Читаем Собрание сочинений в семи томах. Том 5. На Востоке полностью

Возвратившись с ярмарки, я жил у приятеля-офени еще два дня — гостъбы на слитки, как назвал он, — два дня последние, прощальные, как думалось мне самому, потому что меня блазнило ближайшее село, в котором жили офени, прибывшие на побывку. Это были дальние приказчики крупных хозяев, а не офени-мелкота, как мой приятель и его соседи. Тем же дешевым и легким путем пешего хождения пришел я туда, но не мог отыскать себе квартиры в доме с офенями; все светелки, отдельные от хозяйского помещения, достроенные обыкновенно над двором и воротами, все эти горницы заняты были гостями. Здесь гости эти, возвратившиеся домой после долгой разлуки, да еще вдобавок с порядочными деньгами и подарками в семью свою, гости эти жили и отдыхали от тоскливой, сосредоточенной, однообразной жизни приказчика на чужой стороне. В редком доме по этому случаю не была сварена брага и пиво, в редкой избе с раннего утра не стоял угар от множества приготовляемых кушаний, и масляных, и жирных; редкая деревня не наполнена была запахом жареного от начальной околицы с овинами до выездной околицы с башнями.

Видимо, и хозяева были рады гостям, видимо, и сами гости не поскупились расположить хозяев в собственную пользу.

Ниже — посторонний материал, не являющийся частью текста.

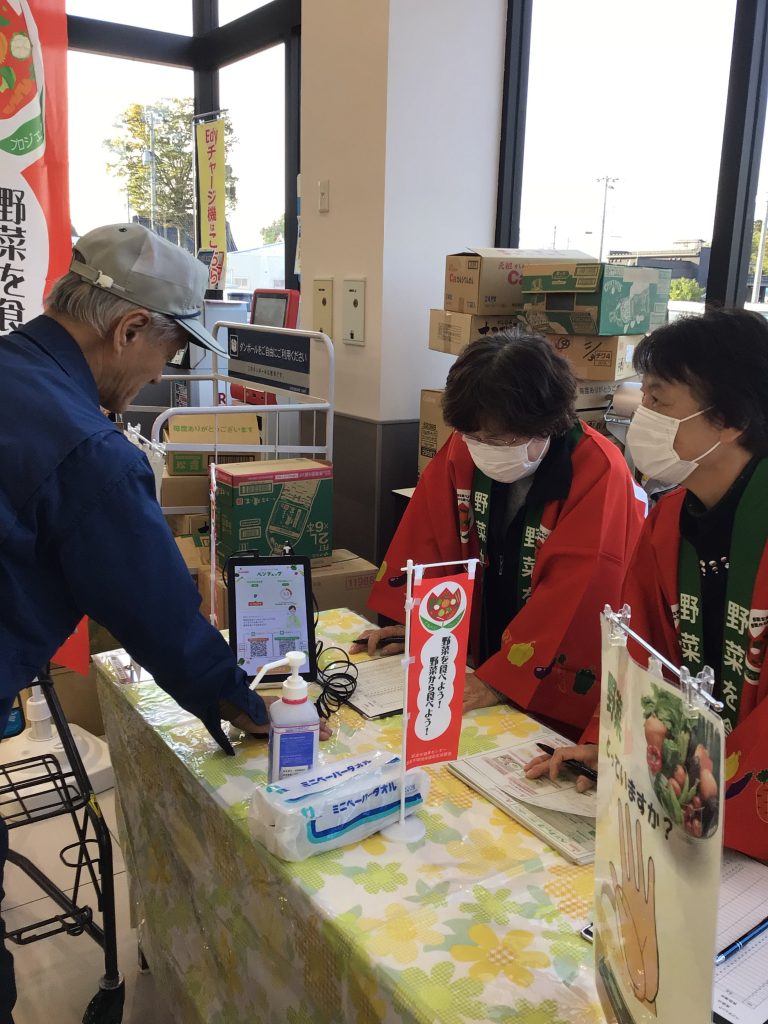 10月30日(木)に大坂屋ショップ砺波店で推定野菜摂取量測定会(ベジチェック)を行いました。
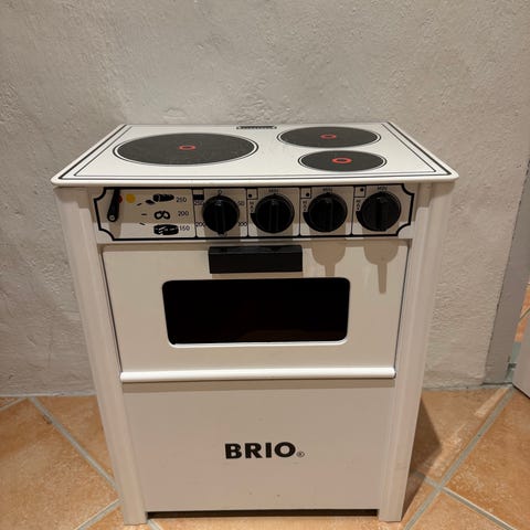 Briospis med massor med tillbehör som kastruller , stekpannor , caféset , mat leksaker ,
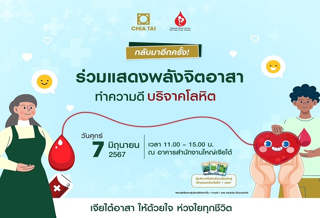 กลับมาอีกครั้งกับโครงการ “เจียไต๋อาสา ให้ด้วยใจ ห่วงใยทุกชีวิต” ครั้งที่ 3 โดย บริษัท เจียไต๋ จำกัด ผู้นำธุรกิจนวัตกรรมการเกษตรของไทย ร่วมกับ สภากาชาดไทย ขอเชิญชวนผู้ที่สนใจร่วมแสดงพลังจิตอาสาบริจาคโลหิต ไม่ว่าจะหมู่เลือดไหนก็สามารถต่อชีวิตผู้ป่วยได้ พร้อมรับเมล็ดพันธุ์ผักสวนครัวเจียไต๋เป็นของที่ระลึก ในวันที่ 7 มิถุนายน พ.ศ. 2567 เวลา 11.00-15.00 น. ณ อาคารสำนักงานใหญ่เจียไต๋ สุขุมวิท 60
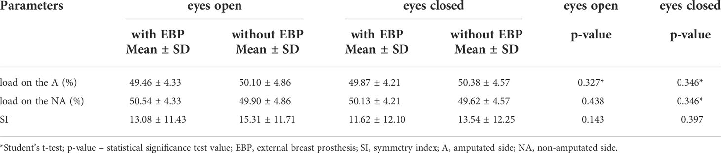 While previous studies referred to the stability measurements obtained in tests with EBP (e.g., of different weights), often with results obtained from healthy counterparts (independent sample comparisons), which could raise doubts regarding homogeneity of the studied groups, our study compared dependent samples, i.e., stability measurements obtained in the tests with the target breast prosthesis with which the patient functions on a daily basis and also without it.
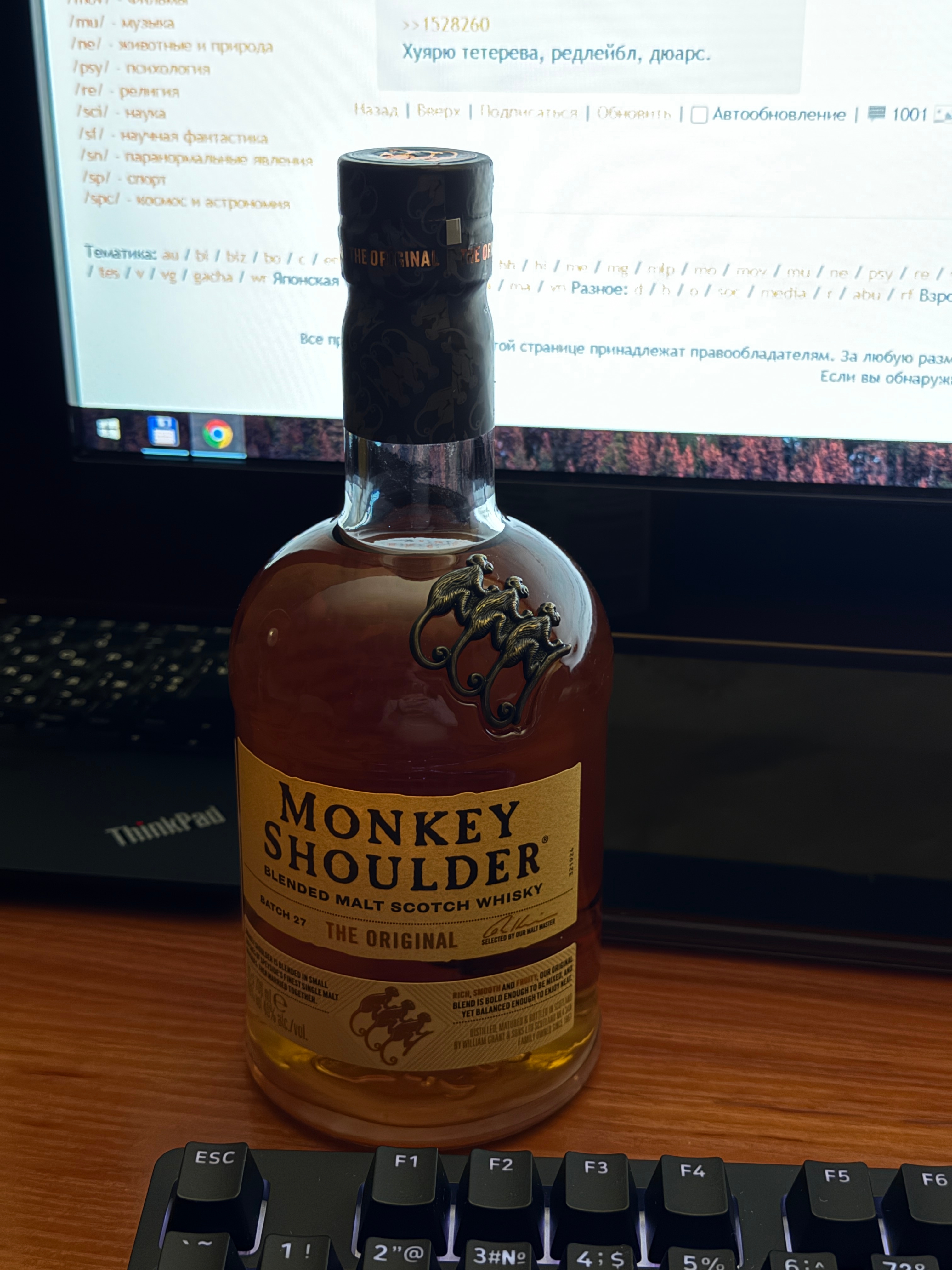 >>1467628 >Кайфуют тут от блек лейбла за 2200 и проибишена. А это я и был, кек. При моих обьемах потребления, если я буду брать молты по 10к, то буду работать исключительно на вискарь, так что лечим душу Проибишеном.
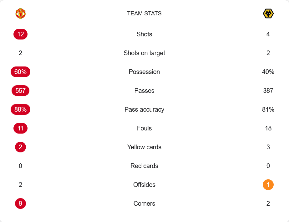 แมนเชสเตอร์ ยูไนเต็ดครองบอลได้ถึง 60% ผ่านบอลทั้งหมด 557 ครั้งด้วยความแม่นยำ 88% และมีโอกาสยิงถึง 12 ครั้ง แต่ยิงตรงกรอบแค่ 2 ครั้ง ขณะที่วูล์ฟส์แม้จะครองบอลเพียง 40% ผ่านบอล 387 ครั้ง แม่นยำ 81% และยิงเพียง 4 ครั้ง แต่เข้ากรอบ 2 ครั้ง พร้อมเปลี่ยนเป็น 1 ประตูสำคัญ ยูไนเต็ดได้เตะมุมถึง 9 ครั้ง ส่วนวูล์ฟส์ได้เพียง 2 ครั้ง ตลอดเกมมีใบเหลืองเกิดขึ้นรวม 5 ใบ ฝั่งปีศาจแดงโดนไป 2 ใบ ส่วนวูล์ฟส์โดนไป 3 ใบ
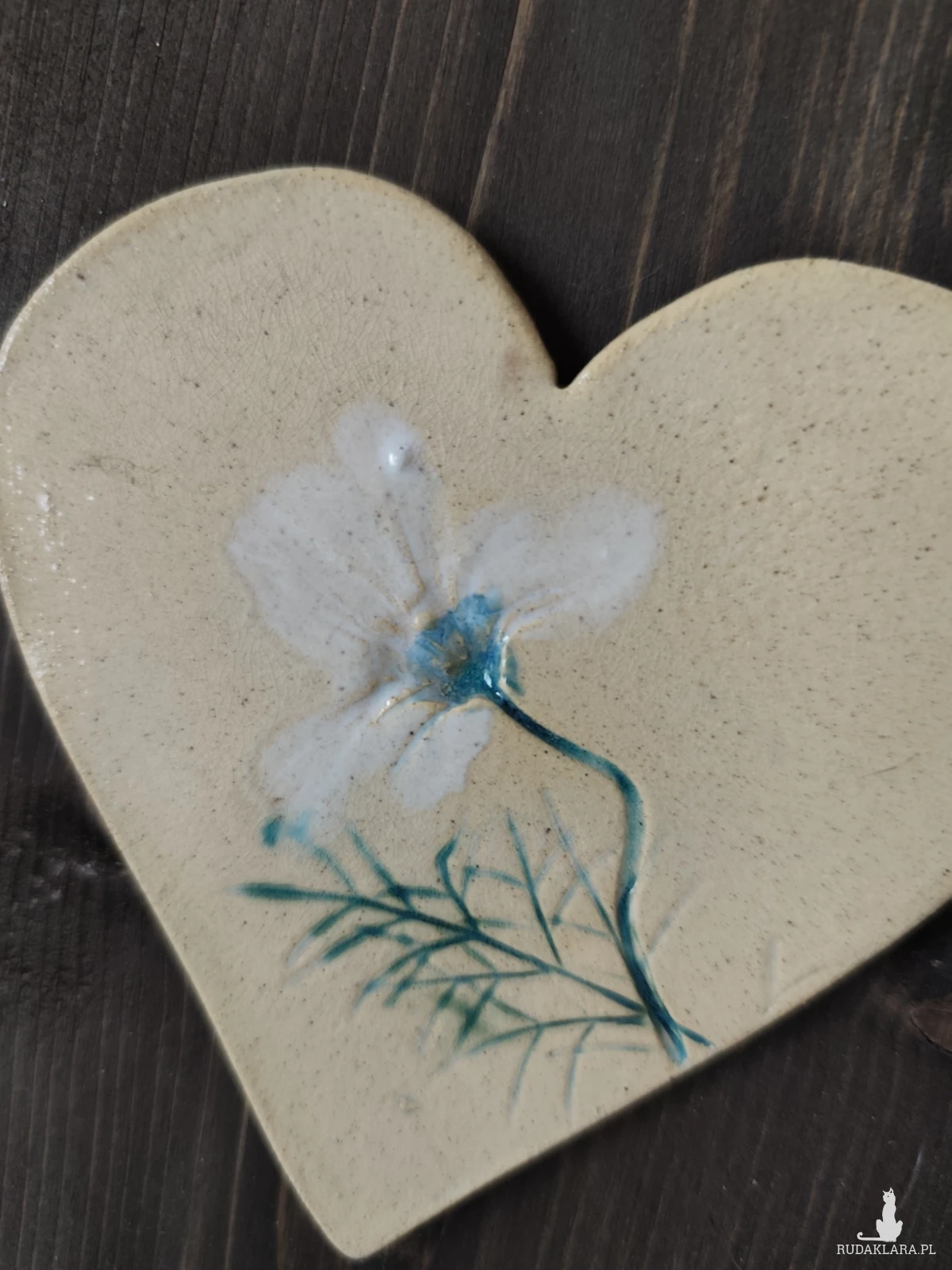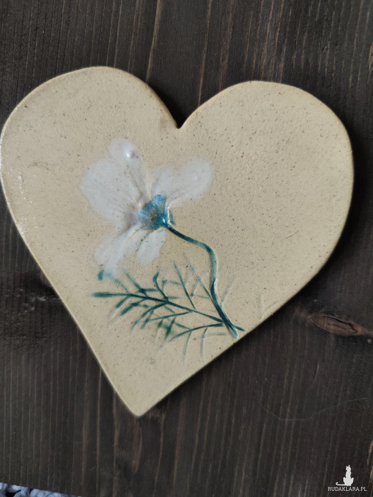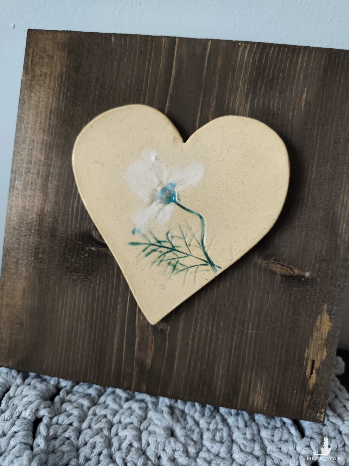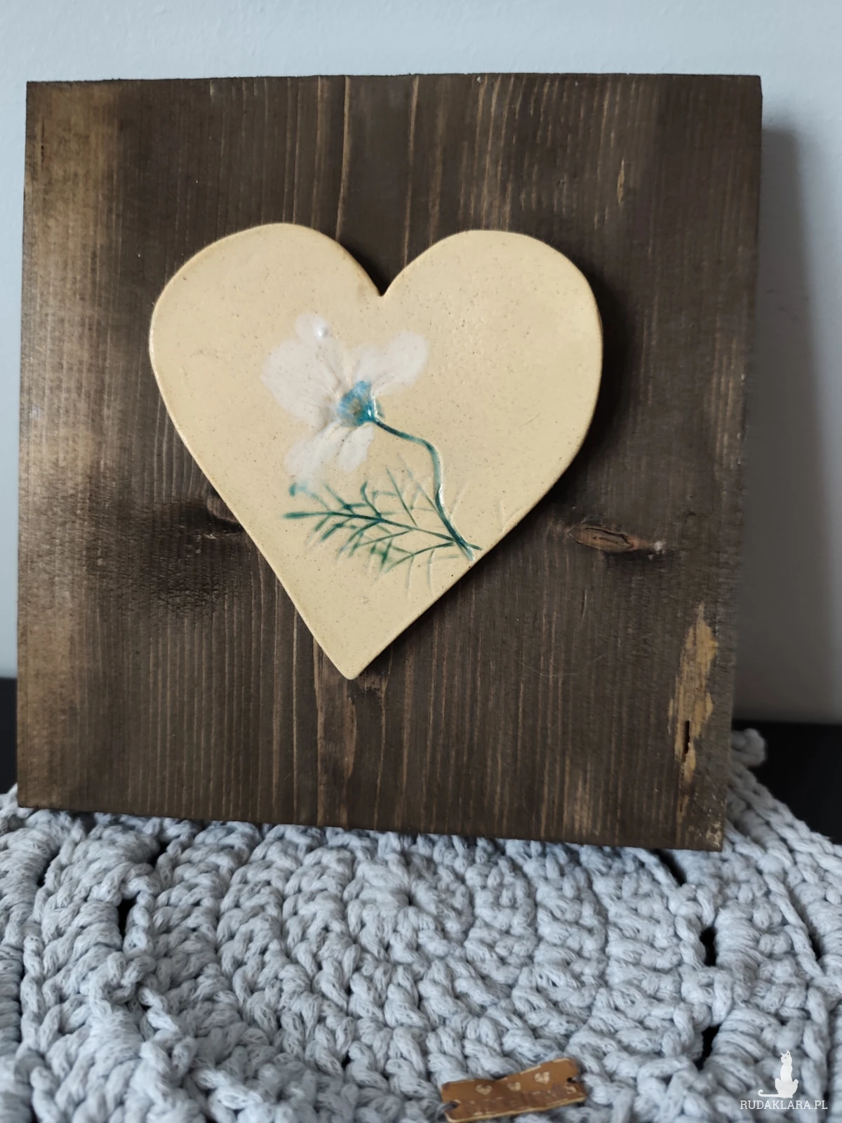 Serce ceramiczne na desce, piękna ozdoba Twoje domu. Szkliwione i dwukrotnie wypalane w piecu ceramicznym na wysoką temperaturę. Polecam. Wymiary serca 14x14cm a deski 19x20cm

Загул и пьянство были всеобщие, начиная от дряхлых стариков и оканчивая ребятами-подростками 15 лет. Потчеванья и угощенья начинались с раннего утра, с того времени, когда подавались хозяйками плавающие в масле блины и оладьи; не переставали продолжаться они и в то время, когда все это снималось со стола, и заканчивались они обедом с бараниной, поросятиной, лапшой и пирогами. После обеда гости-офени обыкновенно спали, и, подкрепившись силами, сходились вечером у кабака или в другой избе, и снова пили и пьянствовали до поздней ночи. Восемь дней прожил я на новом месте и все это время видел только долгое и систематическое пьянство. Только ранним утром удавалось мне разговаривать с офенями этими о деле; в остальное время я слышал от них некоторые откровенные и закулисные подробности, но в редком и малом числе. Правда, что в это время доставались на мою долю такие сведения, которых я не мог доспроситься в трезвые минуты и никогда бы не добыл их прямым путем; но минуты эти были так редки, дожидаться их приводилось так долго и трудно! Они валились как с неба, совершенно случайно, как дальняя и мелкая подробность в долгой беседе, наполовину пьяной, наполовину безалаберной. В пьянстве офени распоясывались, но все-таки как-то лениво и скупо, как будто они опасались даже самих себя, боялись обязательно поделиться друг с другом теми данными, которыми удалось поживиться им самим при долгой практике и приглядке к делу.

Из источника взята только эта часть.